Bellany’s father and grandfather were both fishermen and growing up in the seaside town of Port Seton, and Avail demonstrates how the sea and the special light effects of a seaside environment influenced all of his paintings. His work is strongly autobiographical and narrative with strong, and often symbolic, references to the forces that dominated his life. Nowhere is this more apparent than in The Old Man and The Sea a series of 14 prints inspired by the Ernest Hemingway novel. The story tells of a fisherman who has caught nothing for weeks and then hooks the largest marlin he has ever seen and the struggles he has to land the fish. It can be seen as a parable of self-discovery. The gallerist Charles Booth-Clibborn invited Bellany to make a publication of his own choosing and this theme of a man being driven to the brink of death seemed apt as Bellany was seriously ill at the time. Bellany later commented that the 'imagery itself just flowed like a tidal wave from start to finish; the passion in the work was magnified by the fact that I was struggling for my own life at the time.'

Like Bellany, William Crozier was also raised in a sea side town. Mediterranean Night is a wonderful example of his expressive painting and is the result of nine months that he spent in Malaga during 1963. This experience was to prove pivotal to Crozier‘s development as an artist, in particular his concerns with the landscape and the painting of the human figure. While based in West Cork he travelled extensively gaining inspiration and often treating the Mediterranean and Irish landscapes with the same vibrancy. This vibrant palette challenged the traditional muted shades employed by many artists while depicting Ireland.
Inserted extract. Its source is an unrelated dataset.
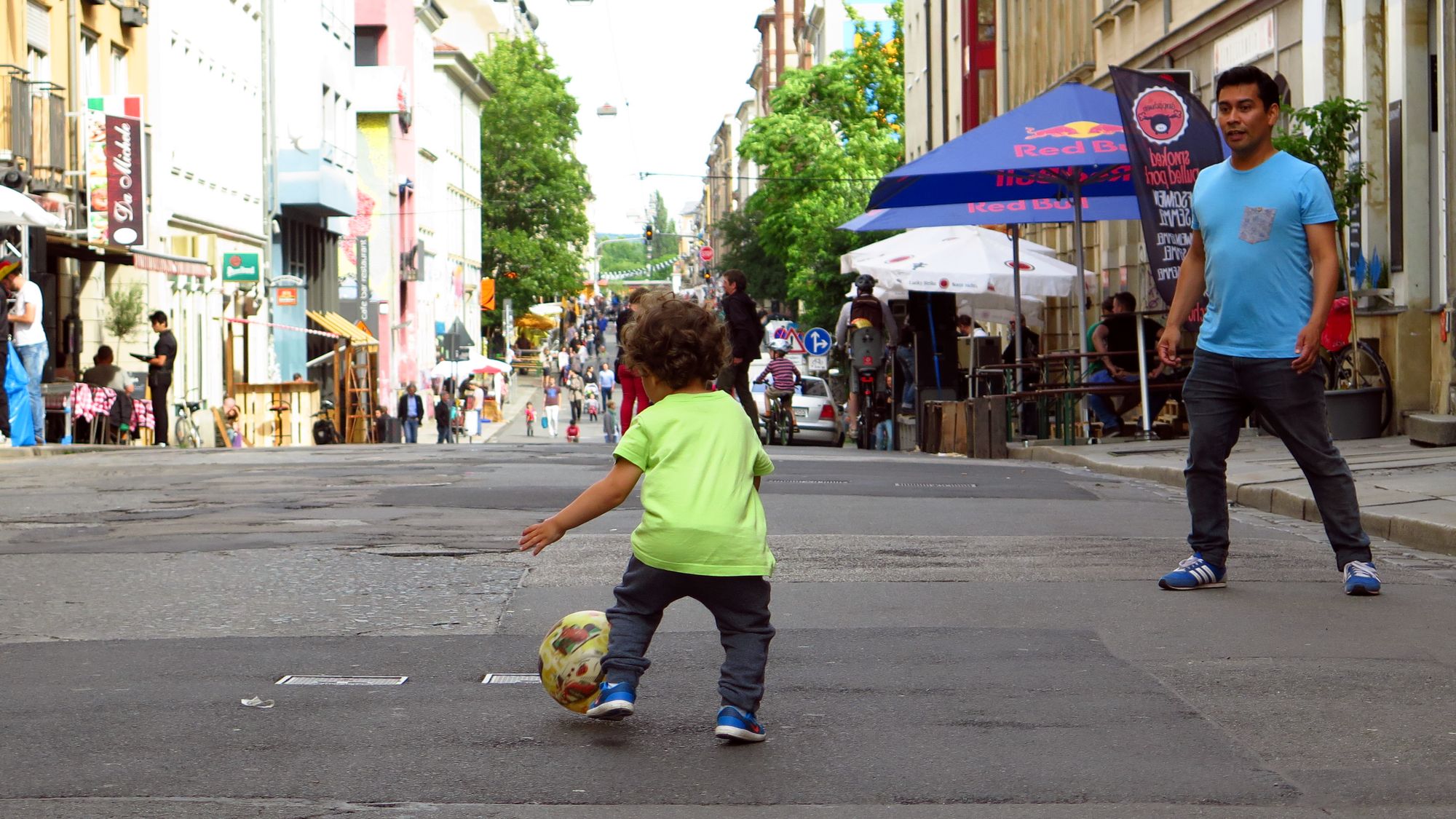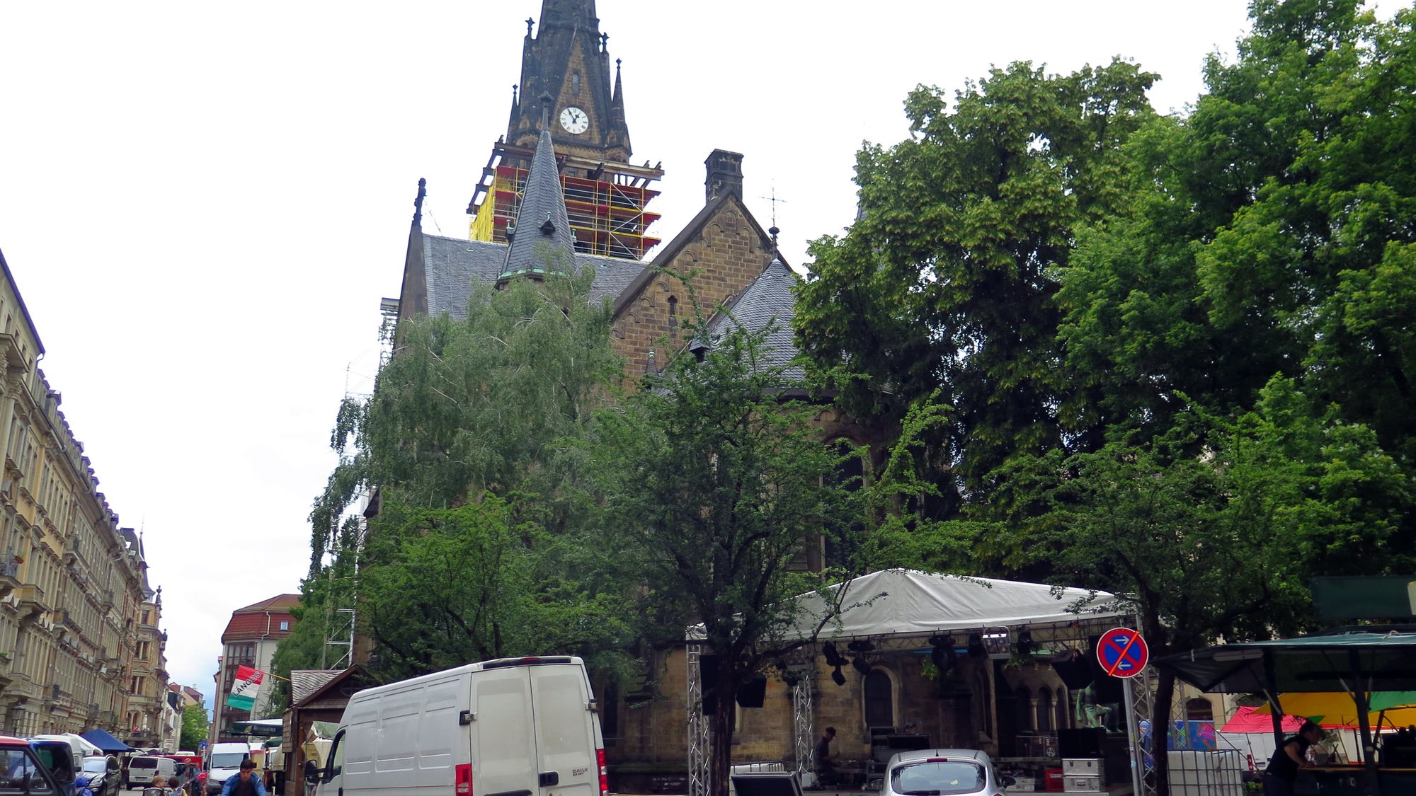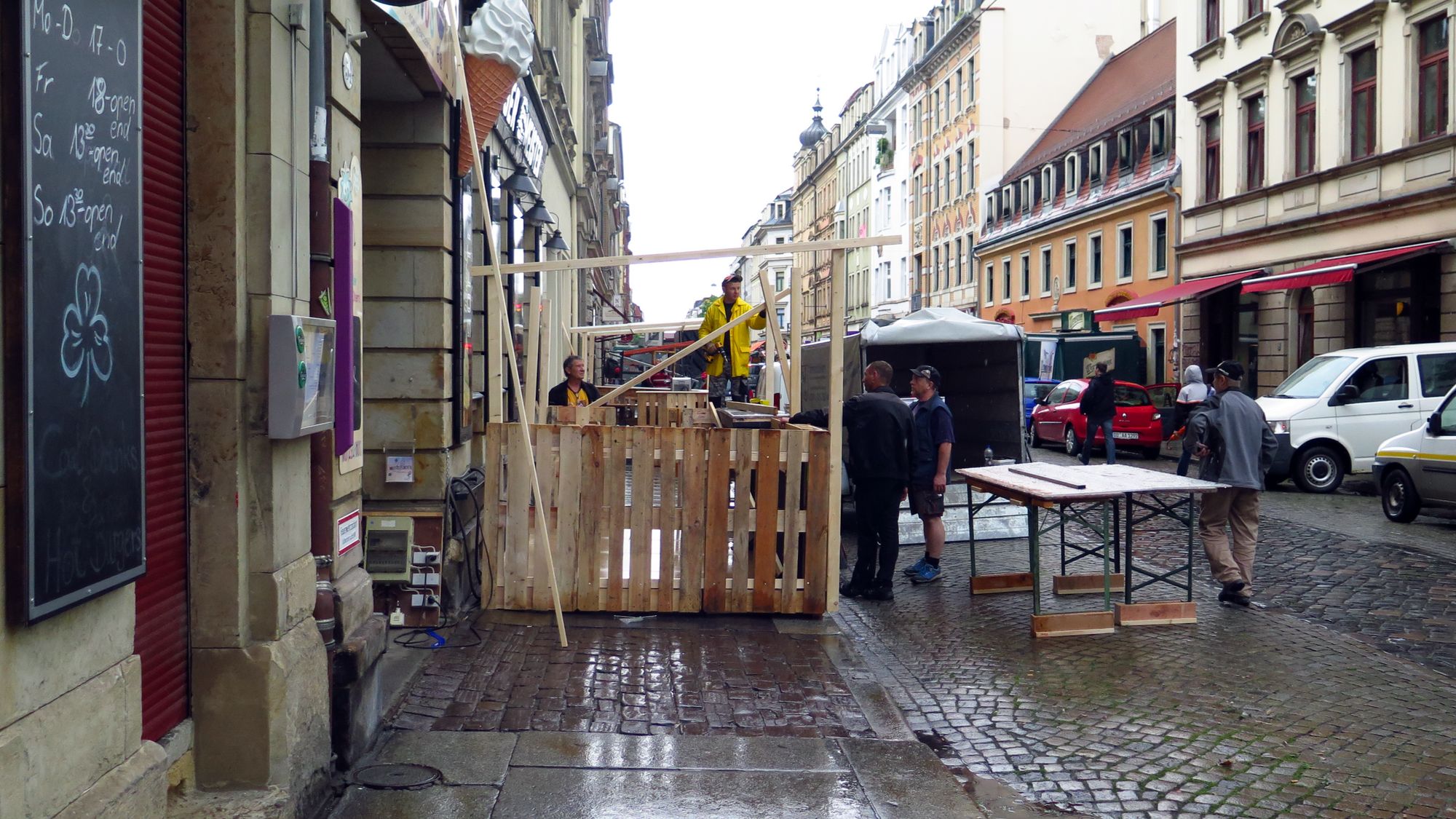 Eifriges Treiben auf dem Martin-Luther-Platz, die zwei Bühnen stehen schon. Beide etwas anders als im Vorjahr, vermutlich wird es in diesem Jahr hier am vollsten. Auf der Pulsnitzer zeigen die Vier-Vogel-Pils-Jungs stolz ihr nigelnagelneues Radler und diskutieren mit dem Ordnungsamt. Auch um die Ecke die Talstraße schmückt sich schon.

Also an inveterate traveller, Michael Mulcahy, creates highly abstracted paintings of the many remote places he has lived through an intense use of abstract form and sizzling colour. The Navigator is at once figurative and autobiographical with a very sketchy, but accurate self-portrait of the artist in the title role. The title of the painting may be a play on the name given to the sixth-century Irish saint, Brendan The Navigator, so called because of the belief that he sailed the then uncharted waters of the Atlantic. As such, it recalls a world where man, nature and religion were more closely entwined. This story supports Mulcahy’s vision of the artist as the Shaman or healer who suffers for, and guides society to a better state. In The Navigator the grandeur of his task is suggested by the mysterious landscape and the fiery cave opening ahead contrasted with the ghostly pallor of the artist.

The use of the historical to convey a contemporary message is also deployed by Stephen McKenna in The Irish Coast. McKenna combines the classical and academic approaches to painting with the great, 17th century Dutch tradition of marine painting, to comment on a very contemporary, yet universal subject. Painted in 1981 during the height of ‘the Troubles' in Northern Ireland, The Irish Coast, brings together two different layers of conflict - a huge battle between the forces of nature, land, sea and sky - and the smaller, but no less dogged struggle, between two men on the jetty. In the immediate foreground a bird, like the narrator in a Greek tragedy, appears oblivious to their petty quarrel.

All at Sea is the result of a collaboration between St Patrick’s University Hospital and the IMMA National Programme. The National Programme is designed to promote the widest possible involvement with the Museum’s Collection and programmes, through creating access opportunities to the visual arts in a variety of situations and locations in Ireland. IMMA’s Collection is the focal point for each project. The National Programme is also committed to working with venues normally outside the scope of the contemporary art world. This core principle involves a process of encouraging people to view and enjoy ownership of their national collection, as held by IMMA, in their own locality and on their own terms.